One of the roadblocks to understanding the molecular basis of hearing is the paucity of hair cells available for study, Heller said. While researchers will ultimately need human hair cells, the mouse version is a good model for the initial phases of experimentation, he said. In addition to using mouse embryonic stem cells, the researchers used fibroblasts that had been reprogrammed to behave like stem cells: These are known as induced pluripotent stem cells, or iPS cells.
“Our study offers a protocol to generate millions of functional hair cells from a renewable source,” Heller said. “We can now generate these cells and don’t have to go through dozens of mice for a single experiment. This allows us to do molecular studies with much higher efficiency.”
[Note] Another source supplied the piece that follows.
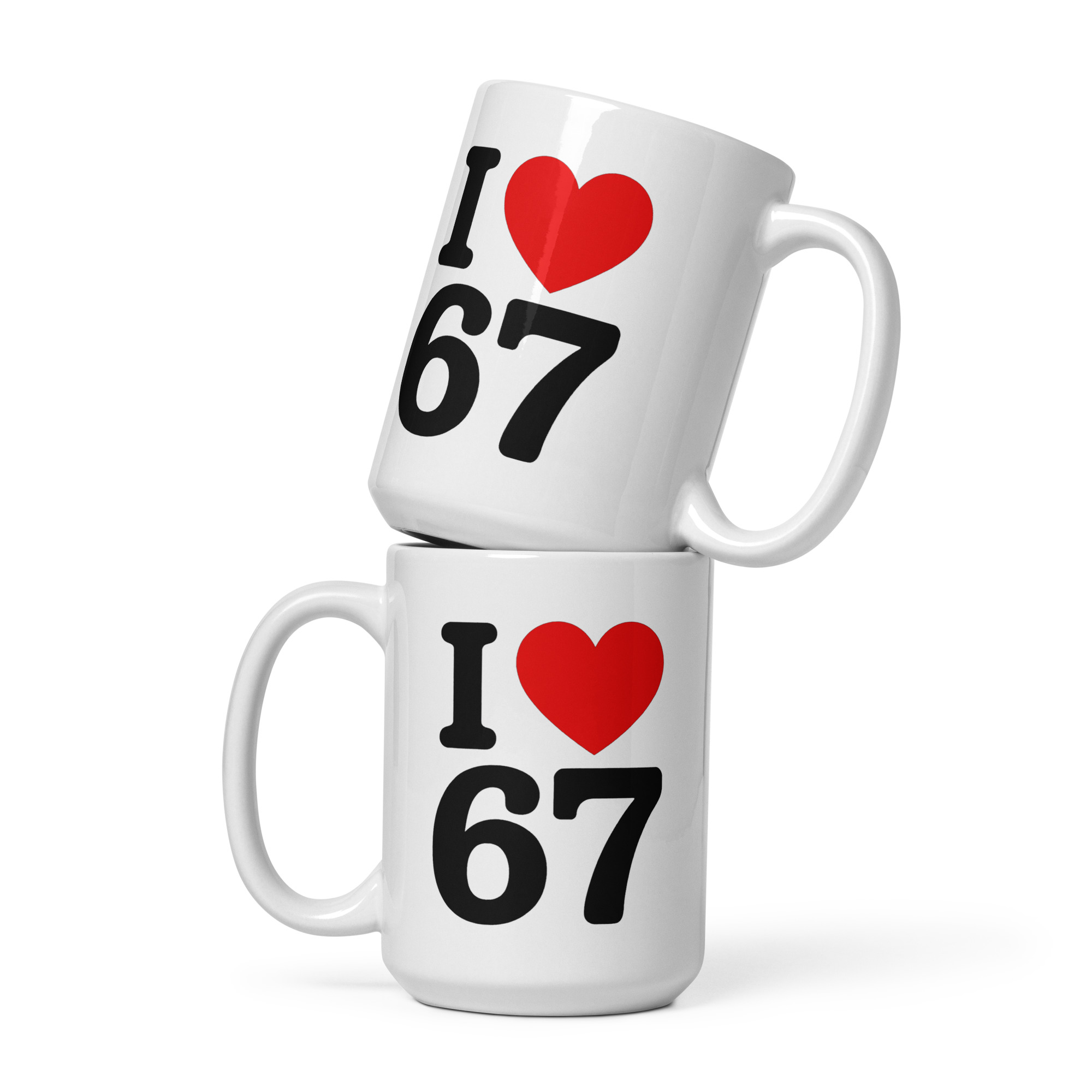 Dieses Motiv lebt genau von dem, was es eigentlich nicht hat: Bedeutung. I Love 67 greift einen viralen Internettrend auf, der bewusst sinnlos ist und genau deshalb funktioniert. Die Zahl steht für einen Hype, der aus Clips, Edits und Wiederholungen entstanden ist, bis er sich selbst getragen hat. Keine Message, kein tiefer Sinn, nur ein Code, den man fühlt oder eben nicht. 67 wird hier zum Symbol für Zugehörigkeit, für Online-Kultur und für diesen speziellen Humor, bei dem das Absurde der eigentliche Witz ist.

The study details how the researchers succeeded in coaxing the mouse embryonic stem cells and the iPS cells through different phases of development that occur in the womb. According to lead author Kazuo Oshima, MD, PhD, a research instructor at Stanford who works in Heller’s lab, they started by turning the stem and iPS cells into the type of cells that form a young embryo’s ectoderm – the embryo’s outer layer of cells that eventually differentiate into many tissues and structures, such as skin and nerve cells. Next they used specific growth factors to transform them into “otic-progenitor” cells (otic means ear). And after that, they varied the chemical soup in the dish, so that the cells clustered in a manner similar to hair cells and developed stereociliary bundles, which are also characteristic of hair cells.
“We looked at how the ear develops in an embryo, at the developmental steps, and mimicked these steps in a culture dish,” Heller said.
Hair cells in the inner ear contain tiny clumps of hair-like projections, known as stereocilia. Sound vibrations cause the stereocilia to bend slightly, causing mechanical vibrations that are then converted into an electrochemical signal that the brain interprets as sound.
The cells in the petri dish, under close examination, had this same structure.
“These cells have a very intriguing structure,” Heller said. “They look like they have hair tufts of stereocilia.”
More importantly, further study showed that the cells also responded to mechanical stimulation by producing currents just like hair cells. Using a probe, researchers stimulated the bundles and recorded the currents that were evoked. Co-author Anthony Ricci, PhD, associate professor of otolaryngology, was responsible for this step of the work.
Heller, a leader in stem-cell based research on the inner ear, has recently been focused on two paths for possible cures for deafness: drug therapy – which could be as simple as an application of ear drops – and stem cell transplantation into the inner ear.
Both paths could be further advanced by the ability to develop hair-cell-like cells, he said. “We could now test thousands of drugs in a culture dish,” he explained. “It is impossible to achieve such a scale in animals. Within a decade or so we could reap the benefits of this type of screening.”
The lab’s research into the regeneration of hair cells for transplantation into the inner ear to cure deafness will also continue.
“We made hair-cell-like cells in a petri dish,” said Oshima. “This is an important step toward development of future therapies.”
The study was funded by grants from the National Institute of Health, the California Institute for Regenerative Medicine and by a Neuroscience of Brain Disorders Award from the McKnight Endowment Fund for Neuroscience.